J Clin Oncol. 2017 Jun 1;35(16):1836-1844. doi: 10.1200/JCO.2016.70.7547. Epub 2017 Apr 13.
Purpose Blockade of the programmed cell death 1 (PDCD1, PD-1) immune checkpoint pathway can improve clinical outcomes in various malignancies. Evidence suggests that aspirin (a widely used nonsteroidal anti-inflammatory drug) not only prolongs colorectal cancer survival, but can also activate T cell-mediated antitumor immunity and synergize with immunotherapy through inhibition of prostaglandin E2 production. We hypothesized that the survival benefit associated with aspirin might be stronger in colorectal carcinoma with a lower CD274 (PDCD1 ligand 1, PD-L1) expression level that resulted in lower signaling of the immune checkpoint pathway. Patients and Methods Using data from 617 patients with rectal and colon cancer in the Nurses' Health Study and the Health Professionals Follow-Up Study, we examined the association of postdiagnosis aspirin use with patient survival in strata of tumor CD274 expression status measured by immunohistochemistry. We used multivariable Cox proportional hazards regression models to control for potential confounders, including disease stage, microsatellite instability status, CpG island methylator phenotype, long interspersed nucleotide element-1 methylation, cyclooxygenase-2 (PTGS2), and CDX2 expression, and KRAS, BRAF, and PIK3CA mutations.

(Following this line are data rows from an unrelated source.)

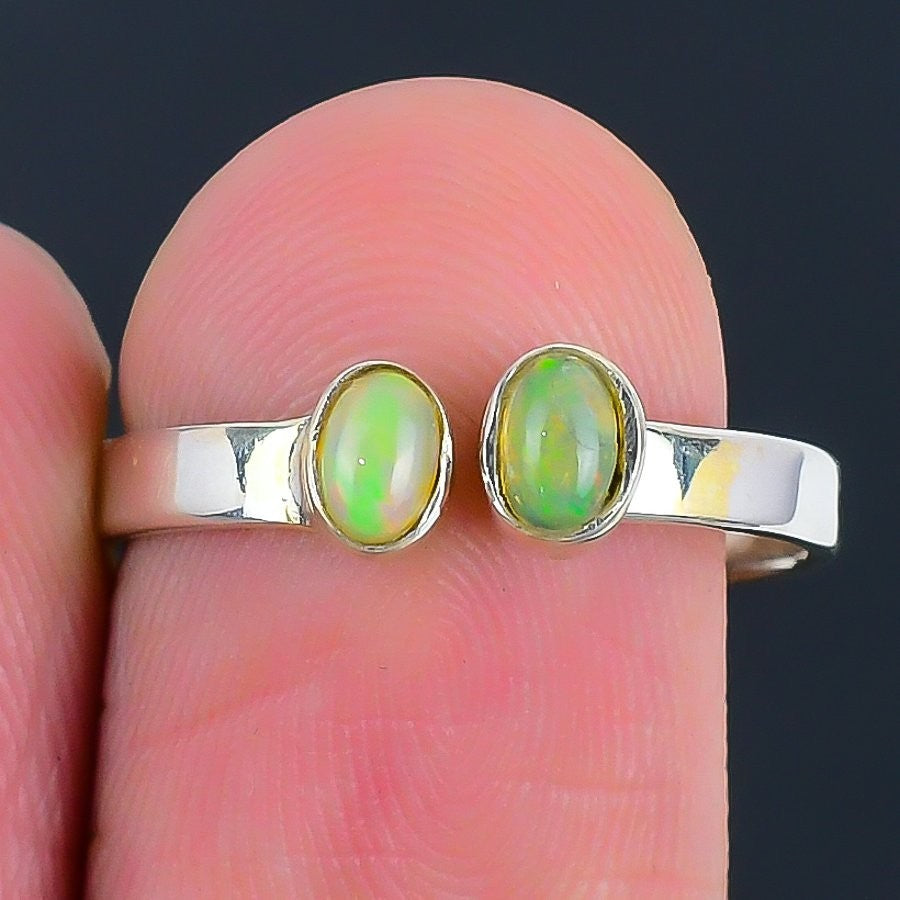 Natural Ethiopian Opal Solid Sterling Silver Mother Stackable Birthday Ring US 8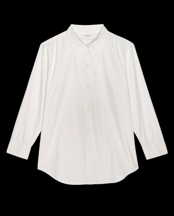 This classic white button up shirt has a relaxed menswear inspired fit with an oversized pointed collar referencing favorites from the 1970s. Wear alone or under a crewneck sweater or The College Sweatshirt.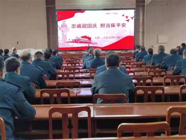 中隊長劉宇傳達了大隊會議精神,布置了當前中隊的工作。副中隊長楊承濤對校園保安進行了安全警示教育。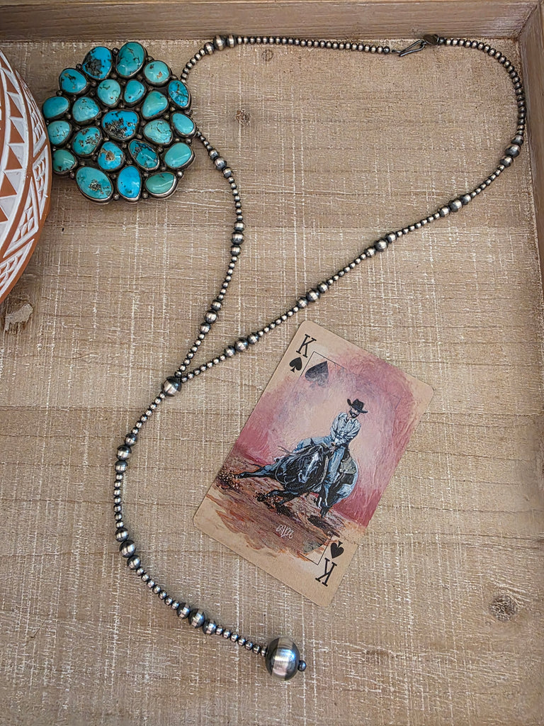 MULTI BEAD STERLING SILVER NAVAJO PEARL LARIAT NECKLACE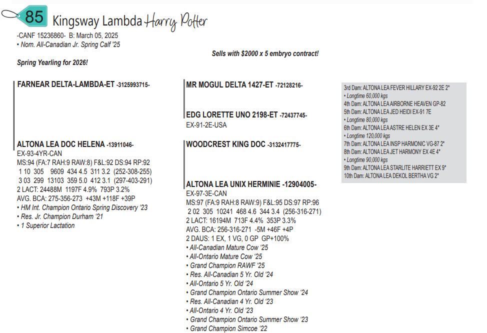• Nom. All-Canadian Jr. Spring Calf '25 Sells with $2000 x 5 embryo contract!

Results The association of postdiagnosis aspirin use with colorectal cancer-specific survival differed by CD274 expression status ( P < .001); compared with aspirin nonusers; multivariable-adjusted hazard ratios for regular aspirin users were 0.16 (95% CI, 0.06 to 0.41) in patients with low CD274 and 1.01 (95% CI, 0.61 to 1.67) in patients with high CD274. This differential association seemed consistent in patients with microsatellite-stable or PIK3CA wild-type disease and in strata of PTGS2 expression, CDX2 expression, tumor-infiltrating lymphocytes, or prediagnosis aspirin use status. Conclusion The association of aspirin use with colorectal cancer survival is stronger in patients with CD274-low tumors than CD274-high tumors. Our findings suggest a differential antitumor effect of aspirin according to immune checkpoint status.

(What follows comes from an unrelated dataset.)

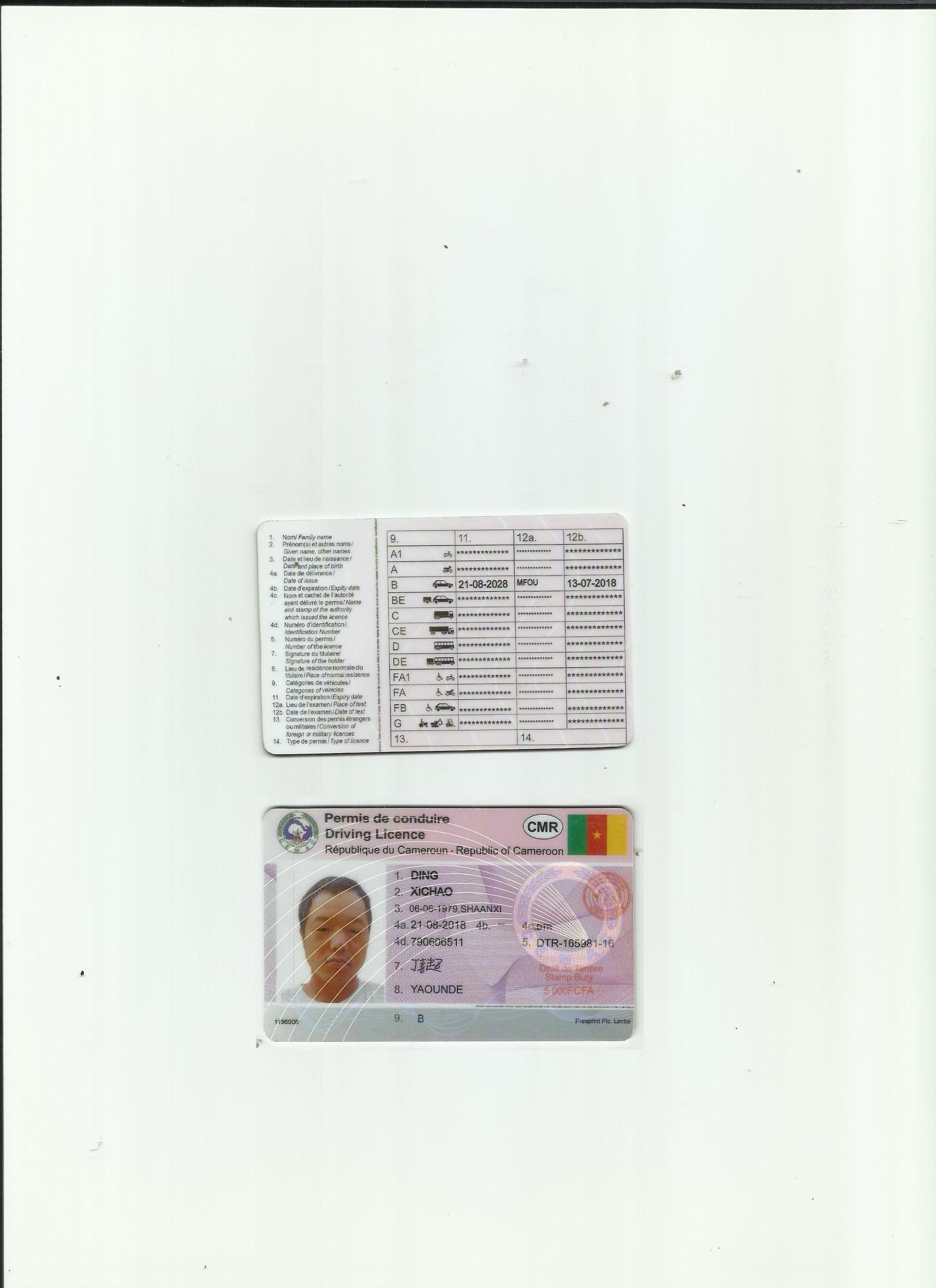 咸阳证件翻译盖章 成绩单翻译 户口薄翻译 驾照翻译 喀麦隆驾照翻译模版

目的 阻断程序性细胞死亡1(PDCD1,PD-1)免疫检查点通路可改善多种恶性肿瘤的临床结局。有证据表明,阿司匹林(一种广泛使用的非甾体抗炎药)不仅能延长结直肠癌患者的生存期,还可激活T细胞介导的抗肿瘤免疫,并通过抑制前列腺素E2的产生与免疫疗法产生协同作用。我们推测,在CD274(PDCD1配体1,PD-L1)表达水平较低、免疫检查点通路信号传导较弱的结直肠癌患者中,阿司匹林带来的生存获益可能更强。

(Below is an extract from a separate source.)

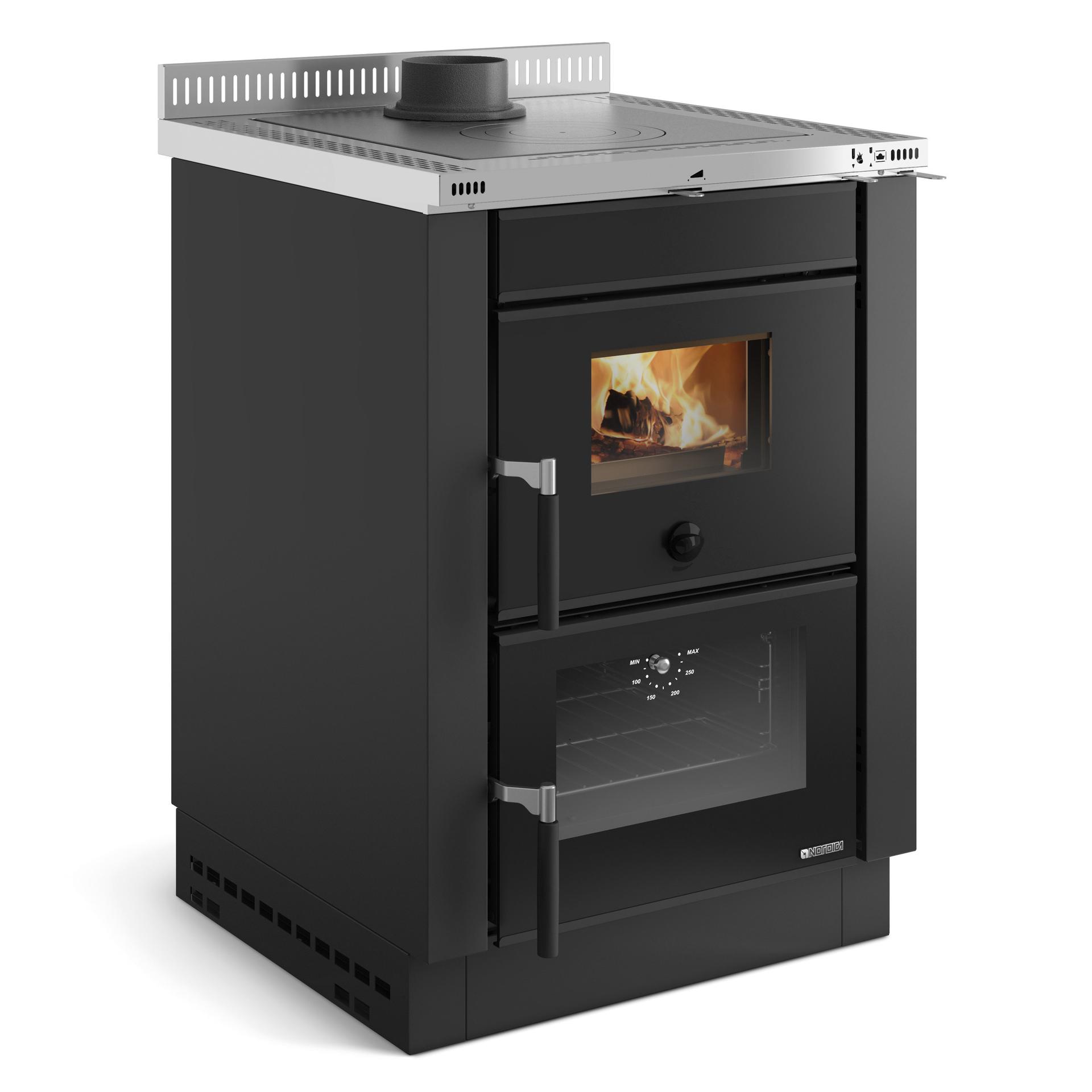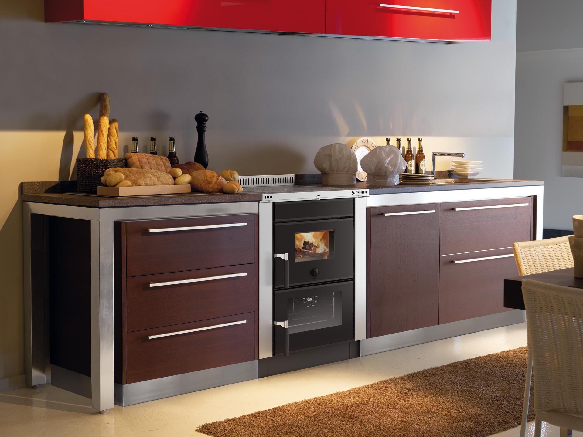 Insertable or free-standing wood burning cooker with enameled steel facade and reversibile doors. Cast iron fire door with triple glass. Ceramic glass. Internal facing of the hearth in cast iron and Nordiker. Top cooking plate and rings in polished cast-iron.

患者与方法 利用护士健康研究和卫生专业人员随访研究中617例直肠癌和结肠癌患者的数据,我们通过免疫组化检测肿瘤CD274表达状态分层,研究了诊断后使用阿司匹林与患者生存之间的关联。我们使用多变量Cox比例风险回归模型来控制潜在的混杂因素,包括疾病分期、微卫星不稳定性状态、CpG岛甲基化表型、长散在核苷酸元件-1甲基化、环氧化酶-2(PTGS2)和CDX2表达,以及KRAS、BRAF和PIK3CA突变。
结果 根据CD274表达状态,诊断后使用阿司匹林与结直肠癌特异性生存之间的关联存在差异(P <.001);与未使用阿司匹林的患者相比,CD274低表达患者中经常使用阿司匹林的患者经多变量调整后的风险比为0.16(95%CI,0.06至0.41),CD274高表达患者中为1.01(95%CI,0.61至1.67)。在微卫星稳定或PIK3CA野生型疾病患者以及PTGS2表达、CDX2表达、肿瘤浸润淋巴细胞或诊断前阿司匹林使用状态分层中,这种差异关联似乎是一致的。
结论 CD274低表达肿瘤患者中,阿司匹林使用与结直肠癌生存的关联比CD274高表达肿瘤患者更强。我们的研究结果表明,阿司匹林根据免疫检查点状态具有不同的抗肿瘤作用。